• **Stored data**
-.-.-
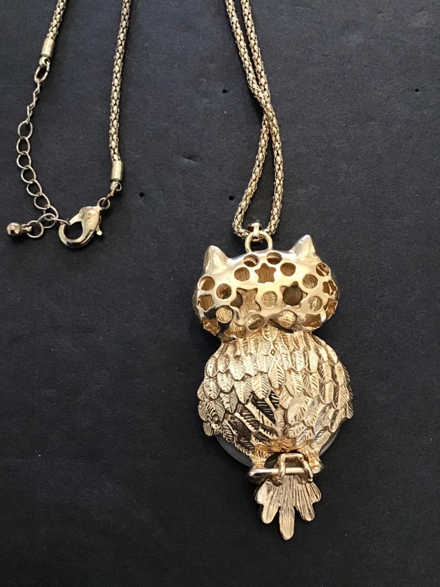 Beautiful Jelly belly type owl pendant on goldtone necklace
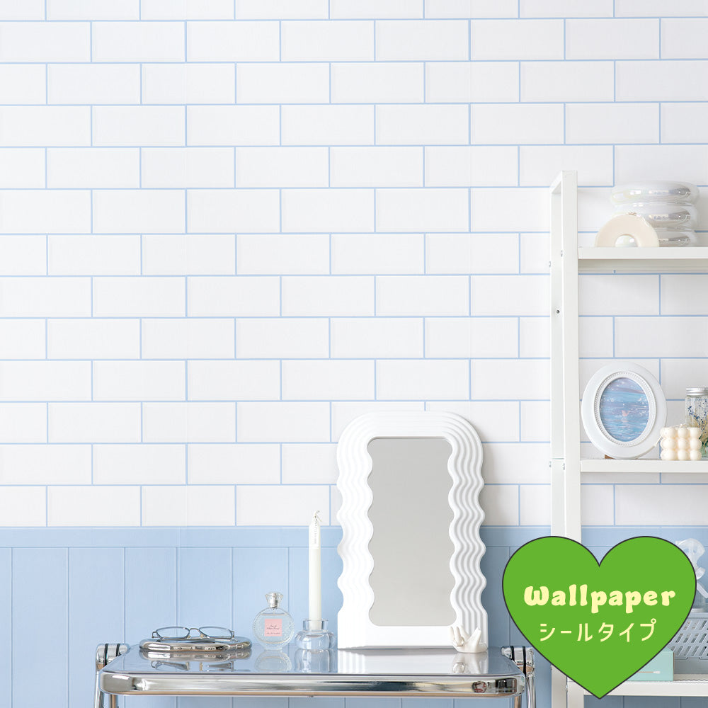 はがせる壁紙 シールタイプ What's poppin? メトロタイル カラージョイント (49cm×3mサイズ) シュガーブルー
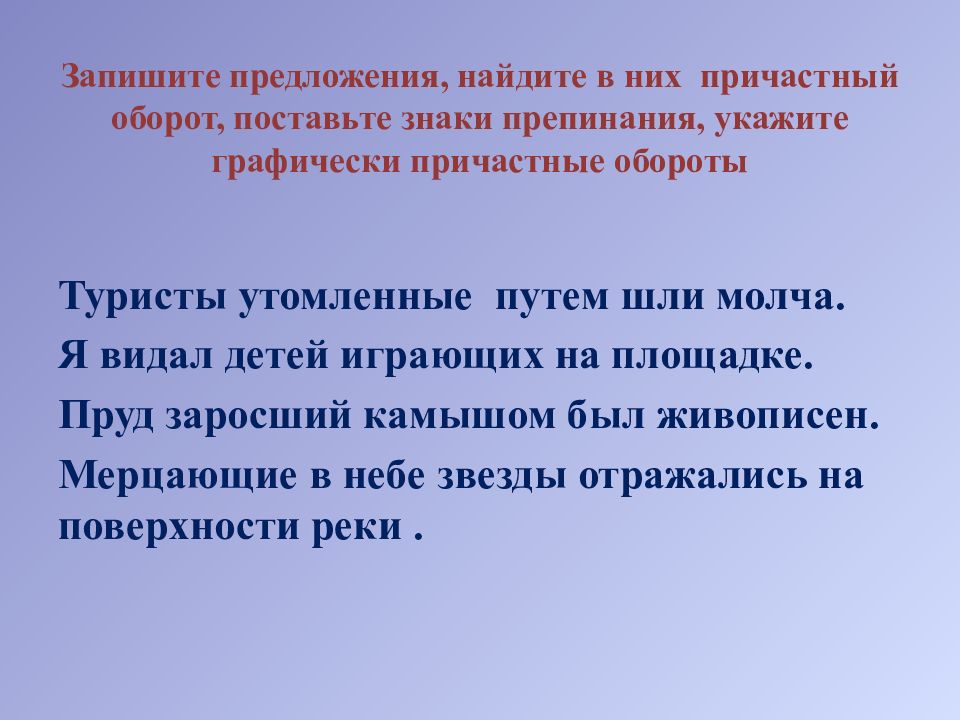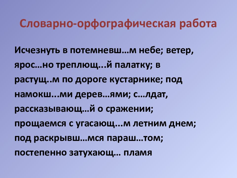 Исчезнуть в потемневш …м небе; ветер, ярос …но треплющ...й палатку; в растущ..м по дороге кустарнике; под намокш...ми дерев… ями ; с… лдат, рассказывающ …й о сражении; прощаемся с угасающ...м летним днем; под раскрывш … мся параш…том; постепенно затухающ … пламя
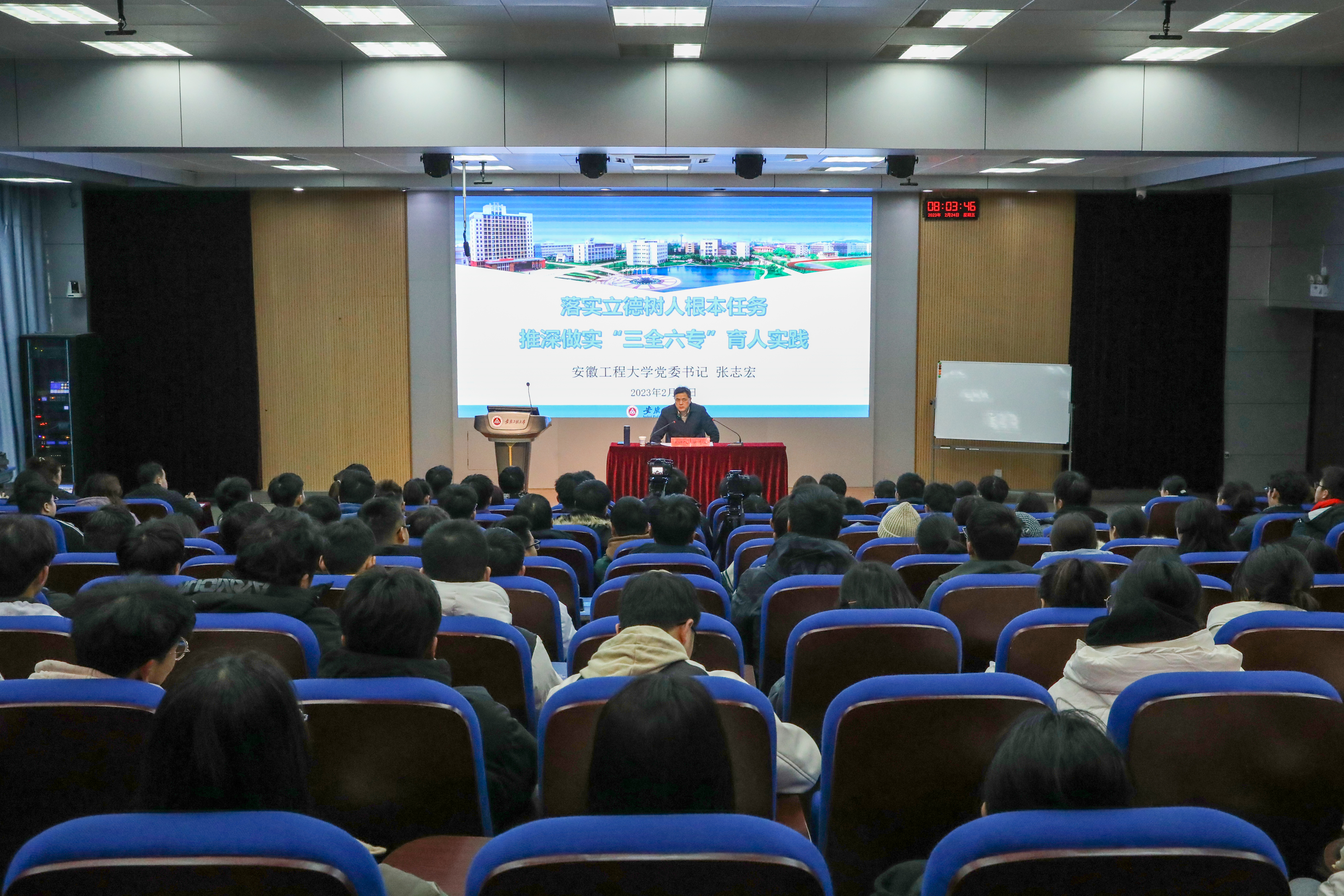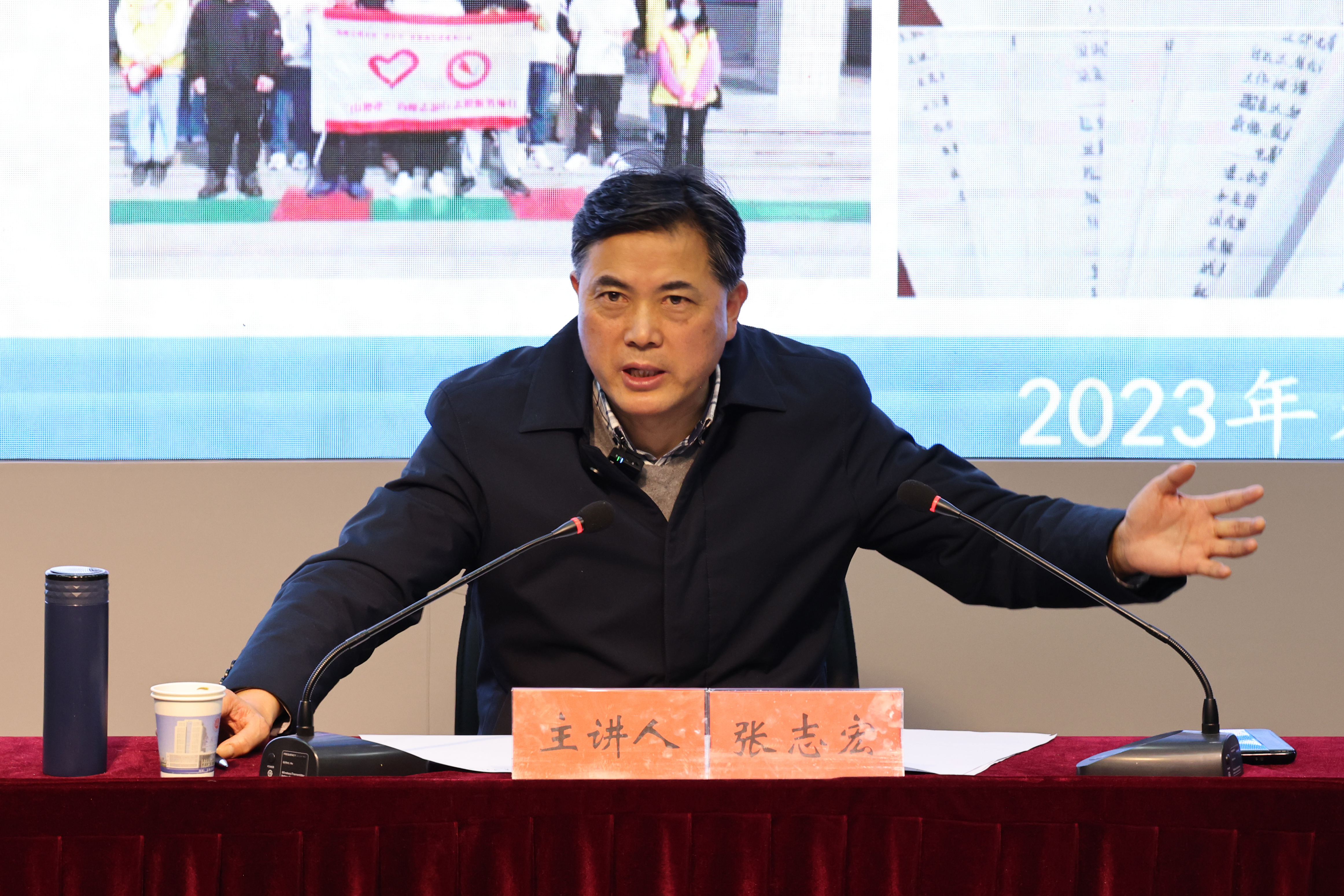张志宏强调,学校创新性地提出“三全六专”育人实践是培养社会主义事业建设者和接班人的需要、是落实立德树人根本任务的要求、是服务青年学生成长成才的需要。他从“为什么”“是什么”“怎么做”等方面介绍了学校全面推行抓价值引领让学生“正”起来、抓学风建设让学生“学”起来、抓习惯养成让学生“壮”起来、抓心理健康教育让学生“乐”起来、抓劳动教育让学生“勤”起来、抓和谐学生社区管理让学生“和”起来的成效做法。他指出,“三全六专”育人实践充分体现了学校以生为本的育人理念。他希望,青年大学生把人生奋斗当做一场马拉松,不断强健体魄、锤炼品德,实现“为祖国健康工作五十年”,跑好人生长跑。他强调,高校作为思想政治工作的前沿阵地,青年大学生作为“大众舆论场”的主力军,要树立正确的价值观,培养责任感,发扬斗争精神,遵守网络文明规范,用实际行动激扬网络正能量。
-.-.-
• **What this task involves**
Pictures aside, please output the whole listing exactly as it appears above.

• **Task answer**
 Beautiful Jelly belly type owl pendant on goldtone necklace
 はがせる壁紙 シールタイプ What's poppin? メトロタイル カラージョイント (49cm×3mサイズ) シュガーブルー
 Исчезнуть в потемневш …м небе; ветер, ярос …но треплющ...й палатку; в растущ..м по дороге кустарнике; под намокш...ми дерев… ями ; с… лдат, рассказывающ …й о сражении; прощаемся с угасающ...м летним днем; под раскрывш … мся параш…том; постепенно затухающ … пламя
张志宏强调,学校创新性地提出“三全六专”育人实践是培养社会主义事业建设者和接班人的需要、是落实立德树人根本任务的要求、是服务青年学生成长成才的需要。他从“为什么”“是什么”“怎么做”等方面介绍了学校全面推行抓价值引领让学生“正”起来、抓学风建设让学生“学”起来、抓习惯养成让学生“壮”起来、抓心理健康教育让学生“乐”起来、抓劳动教育让学生“勤”起来、抓和谐学生社区管理让学生“和”起来的成效做法。他指出,“三全六专”育人实践充分体现了学校以生为本的育人理念。他希望,青年大学生把人生奋斗当做一场马拉松,不断强健体魄、锤炼品德,实现“为祖国健康工作五十年”,跑好人生长跑。他强调,高校作为思想政治工作的前沿阵地,青年大学生作为“大众舆论场”的主力军,要树立正确的价值观,培养责任感,发扬斗争精神,遵守网络文明规范,用实际行动激扬网络正能量。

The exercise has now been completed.